Вот и Лорель купил для Эльсы серебряное колечко-памятку, тоненькое, словно вылитое из воды, – поверх него можно было носить тяжелый золотой перстень.

Тут над крышами взошло солнце, Лорель, махнув метлой, исчез, а в комнате появились прислужницы с распяленным на руках парадным туалетом, ибо гостей, по обычаю, предстояло принимать с самой рани до позднего вечера.

И первым, к радостному удивлению семьи, прибыл большой и важный гость, начальник Тайной Канцелярии Гирш Ниссагль. Он, в числе прочих сановников, был приглашен в первую очередь, но по обыкновению такие гости являлись крайне редко. Ниссагль крадущимся, легким шагом пересек по-утреннему полутемную гостиную палату, поцеловал имениннице подол и руку – она засмущалась, опустила голубые глаза, – и преподнес ей подарки, от себя – довольно большое земельное владение неподалеку от Хаара (бургомистр припомнил, кто были прежние владельцы, их как раз месяца два назад казнили), от королевы – высокий золотой флакон с головкой в виде полураскрытого яшмового цветка с тонко выточенными лепестками. Это была старинная работа, вероятно, из королевской сокровищницы, и Эльса уже успела восторженно ахнуть, а бургомистр начал было басовито благодарить…

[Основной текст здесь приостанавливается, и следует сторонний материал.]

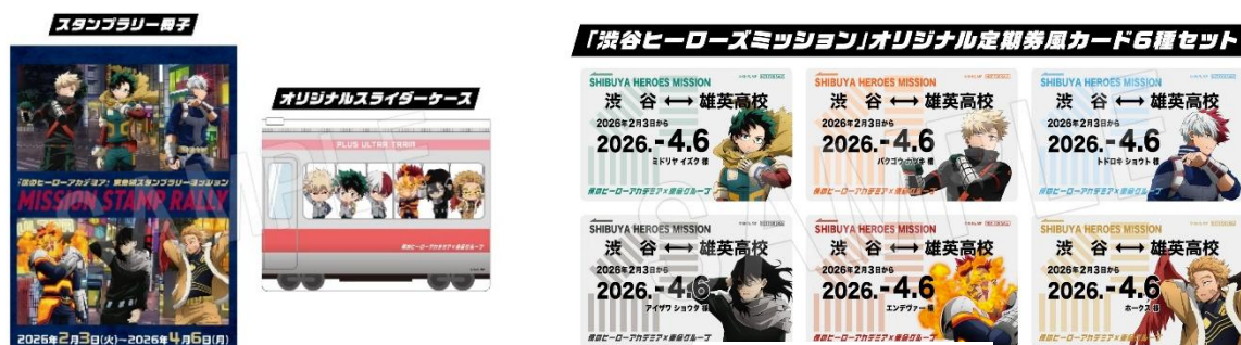
▲達成特典「定期券風カード」

– Сам флакон ничто по сравнению с тем, что внутри, – сказал Ниссагль, прервав изъявления благодарности взмахом перчатки. – Ее величество посылает вам, драгоценная именинница, лучшие духи этого мира. Можно сказать, волшебные духи. Их не продают, только получают в подарок…

Из горлышка флакона тянулся тонкий слабый запах. Нельзя было про него сказать ничего определенного. Пожалуй, он был терпковат.

– Прошу вас, драгоценная именинница, непременно ими себя опрыскать. Дело в том, что ее величество обещалась непременно быть, и я думаю, вы бы ей сделали приятное, если бы ими надушились. Только намочите слегка ваш прелестный пальчик и чуть коснитесь им. Думаю, ваши служанки все остальное вам подскажут. Полностью доверяюсь их опыту.

Покрасневшая от радости и смущения девушка ушла, и Ниссагль, с треском натянув снятые на время вручения даров перчатки, сказал о другой цели своего появления:

– Господин бургомистр, я вынужден провести у вас весь день. Мне надо подготовить тут охрану на время визита ее величества. Надеюсь, очень докучать не буду, хотя, сами понимаете, дело государственное и хлопотное.

***

Канцлер Эманда. Фигура.

Маленькая калипольская собачка, клубочек пышной шерстки с бубенчиками на шейке, уныло кружила по комнате. Из-за неплотно прикрытых ставней просачивался посеревший к полудню денек. Алли был еще в постели – сжался под одеялом, уведя голову в плечи, одинокий и всеми брошенный. Ему было мерзостно; как никогда, такое ощущение, словно голова тупо упиралась в какой-то потолок. Роскошь вокруг казалась увядающей. Бесполезная собачка вызывала почему-то жалость и злость.

«Вичи, Вичи, Вичи», – звал он одними губами, конечно, не эту белую псинку, которая ходит так неслышно, что даже не звенят ее колокольчики.

«Вичи, Вичи, Вичи», – которая нынче с белокурым мужланом, обнаглевшим ровно настолько, чтобы представить ко двору свою швейку-мать. Дама Руфина… Швейка.

«Ну почему же, Вичи?» – Он мечтал о ее пальцах на своих щеках, о щекочущих взмахах ее ресниц под своими губами.

«Вичи, мне тошно без тебя, Вичи!» – Он забыл, что при все более редких встречах с ним она поддается вяло и холодно, отвернув к стене равнодушное лицо.

Не приятен, не противен – просто никто.

«Вичи, Вичи, Вичи», – и даже не уснуть – день на дворе.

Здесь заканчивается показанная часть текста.